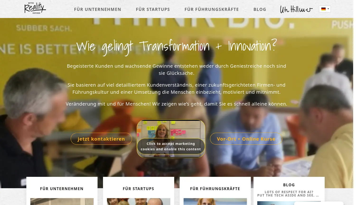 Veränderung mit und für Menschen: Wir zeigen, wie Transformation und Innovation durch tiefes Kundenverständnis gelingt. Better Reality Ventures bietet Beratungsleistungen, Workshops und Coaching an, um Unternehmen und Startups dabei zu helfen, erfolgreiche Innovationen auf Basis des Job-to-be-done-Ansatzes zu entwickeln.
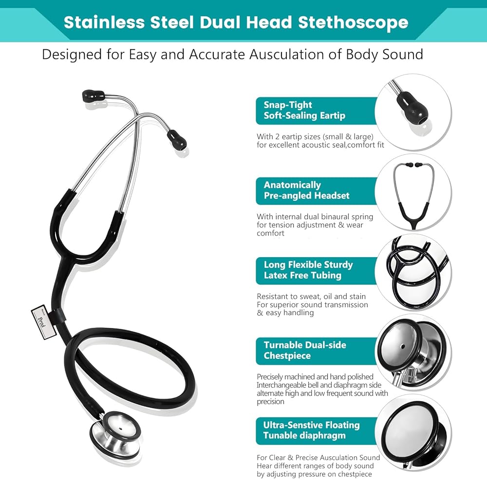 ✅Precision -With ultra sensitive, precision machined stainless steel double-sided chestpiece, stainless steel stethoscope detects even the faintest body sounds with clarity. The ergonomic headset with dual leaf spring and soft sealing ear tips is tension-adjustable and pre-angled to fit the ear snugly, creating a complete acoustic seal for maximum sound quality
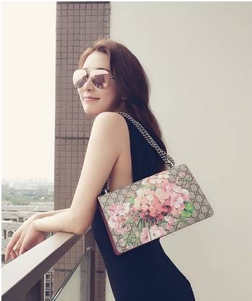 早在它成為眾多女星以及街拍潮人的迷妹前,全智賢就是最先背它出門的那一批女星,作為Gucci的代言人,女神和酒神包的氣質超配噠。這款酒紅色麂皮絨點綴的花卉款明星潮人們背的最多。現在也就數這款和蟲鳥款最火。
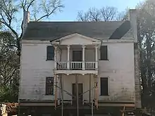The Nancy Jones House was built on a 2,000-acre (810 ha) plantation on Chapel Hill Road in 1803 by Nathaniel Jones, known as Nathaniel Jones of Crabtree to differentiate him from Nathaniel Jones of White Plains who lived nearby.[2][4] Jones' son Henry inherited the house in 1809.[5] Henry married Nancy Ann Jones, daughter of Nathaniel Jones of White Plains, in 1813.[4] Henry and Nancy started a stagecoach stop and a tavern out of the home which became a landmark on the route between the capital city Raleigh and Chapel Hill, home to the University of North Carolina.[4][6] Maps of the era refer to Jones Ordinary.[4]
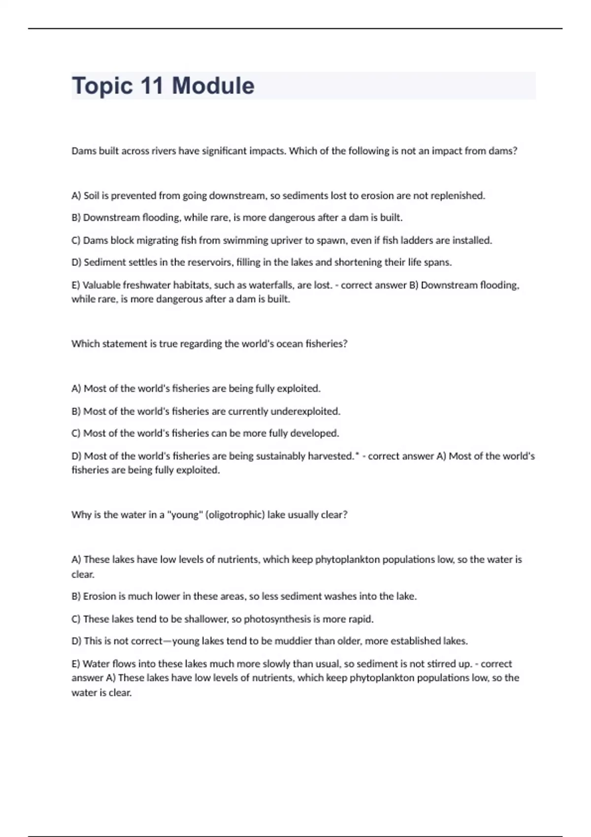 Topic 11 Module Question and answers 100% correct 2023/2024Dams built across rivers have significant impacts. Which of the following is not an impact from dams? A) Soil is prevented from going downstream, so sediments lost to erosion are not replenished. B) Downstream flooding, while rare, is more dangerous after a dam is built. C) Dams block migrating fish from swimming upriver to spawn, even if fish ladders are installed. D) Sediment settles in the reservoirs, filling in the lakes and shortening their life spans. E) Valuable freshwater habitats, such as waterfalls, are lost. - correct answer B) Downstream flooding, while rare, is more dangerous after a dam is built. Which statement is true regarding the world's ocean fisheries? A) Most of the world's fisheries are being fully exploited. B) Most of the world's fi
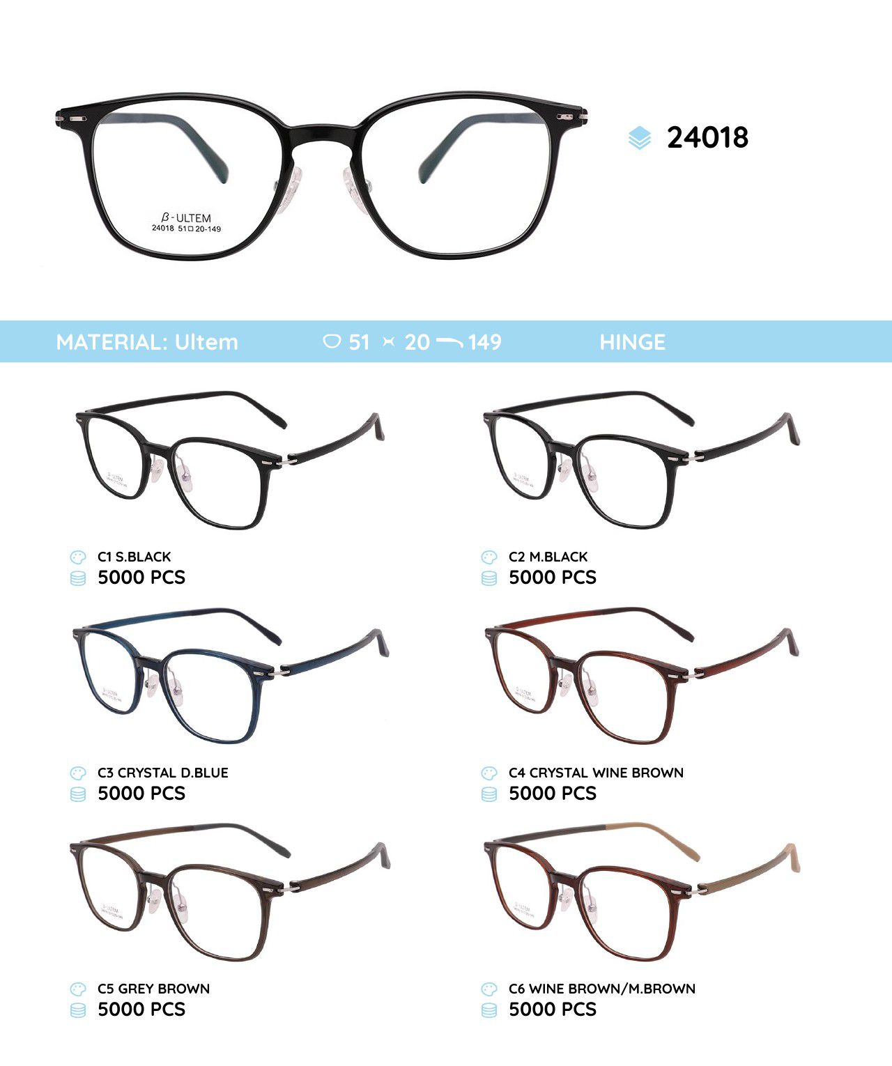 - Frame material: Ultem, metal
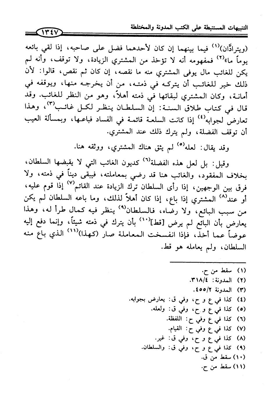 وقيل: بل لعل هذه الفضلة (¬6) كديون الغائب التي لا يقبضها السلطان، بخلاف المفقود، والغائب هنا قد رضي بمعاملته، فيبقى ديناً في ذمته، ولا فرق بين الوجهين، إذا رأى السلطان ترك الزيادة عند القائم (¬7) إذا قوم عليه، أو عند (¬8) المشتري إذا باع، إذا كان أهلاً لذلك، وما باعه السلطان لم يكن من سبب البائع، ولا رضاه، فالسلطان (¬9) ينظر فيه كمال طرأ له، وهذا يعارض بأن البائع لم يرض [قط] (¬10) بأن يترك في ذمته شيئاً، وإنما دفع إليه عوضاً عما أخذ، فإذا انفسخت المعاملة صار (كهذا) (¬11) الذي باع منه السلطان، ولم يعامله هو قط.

┄┄┄┄┄┄┄┄┄┄┄┄┄┄┄┄┄┄┄┄

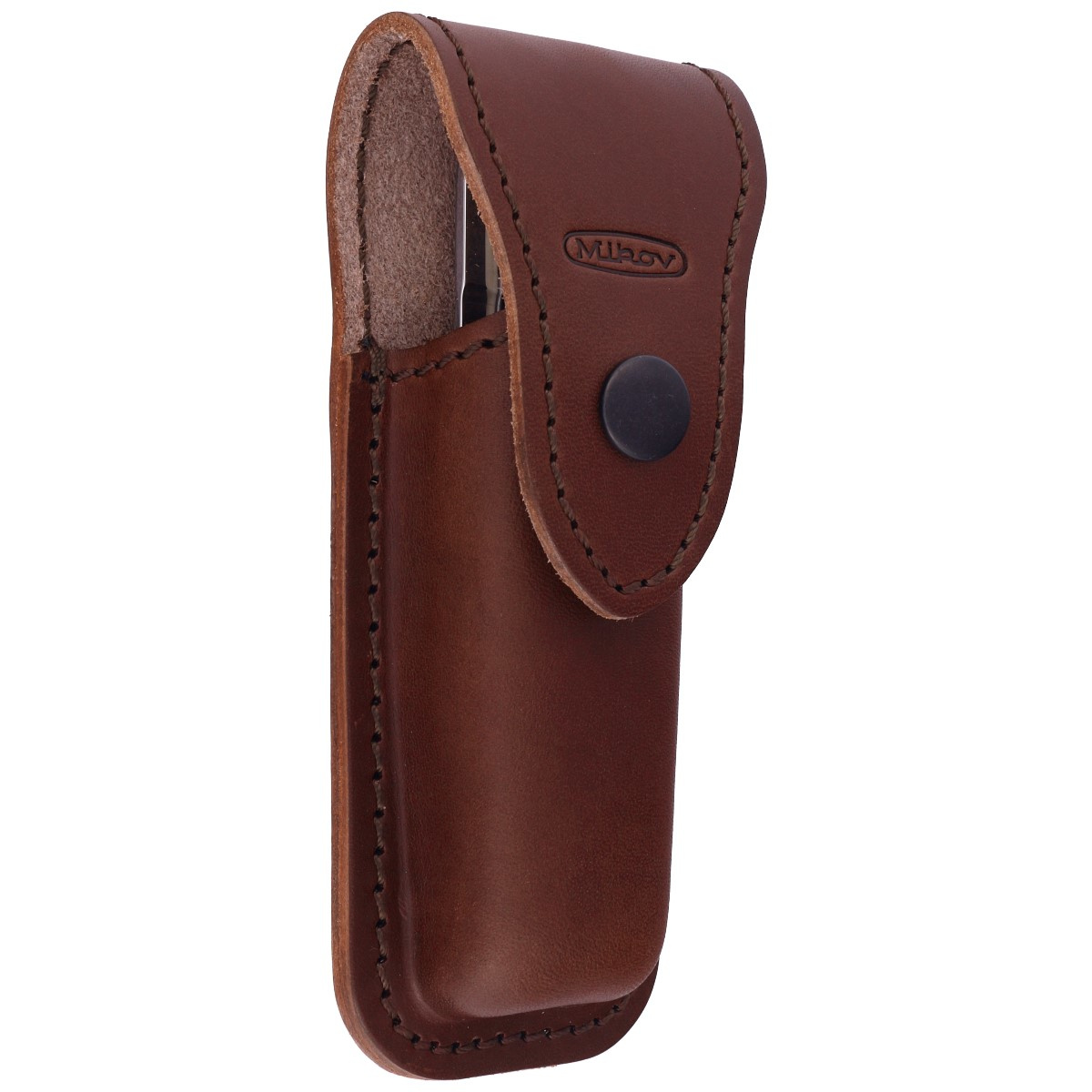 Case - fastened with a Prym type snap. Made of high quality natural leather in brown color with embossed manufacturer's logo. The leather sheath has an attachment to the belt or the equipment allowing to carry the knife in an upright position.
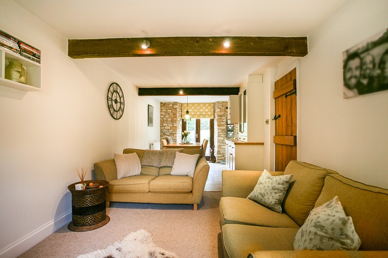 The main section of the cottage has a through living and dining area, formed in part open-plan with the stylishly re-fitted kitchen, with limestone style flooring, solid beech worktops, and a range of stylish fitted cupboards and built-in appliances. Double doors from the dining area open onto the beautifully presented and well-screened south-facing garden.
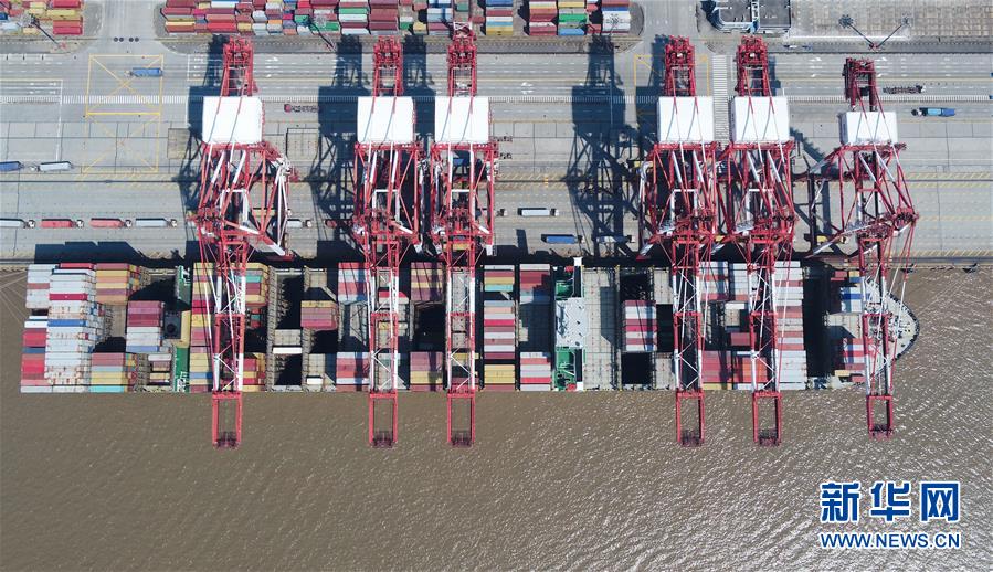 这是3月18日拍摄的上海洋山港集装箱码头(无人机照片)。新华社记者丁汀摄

┄┄┄┄┄┄┄┄┄┄┄┄┄┄┄┄┄┄┄┄

▸ **Task details**
Skip every picture, and restate word for word only the lines above from the line containing "maximum sound quality" to the line containing "早在它成為眾多女星以及街拍潮", both of them included.

▸ **Response to the exercise**
 ✅Precision -With ultra sensitive, precision machined stainless steel double-sided chestpiece, stainless steel stethoscope detects even the faintest body sounds with clarity. The ergonomic headset with dual leaf spring and soft sealing ear tips is tension-adjustable and pre-angled to fit the ear snugly, creating a complete acoustic seal for maximum sound quality
 早在它成為眾多女星以及街拍潮人的迷妹前,全智賢就是最先背它出門的那一批女星,作為Gucci的代言人,女神和酒神包的氣質超配噠。這款酒紅色麂皮絨點綴的花卉款明星潮人們背的最多。現在也就數這款和蟲鳥款最火。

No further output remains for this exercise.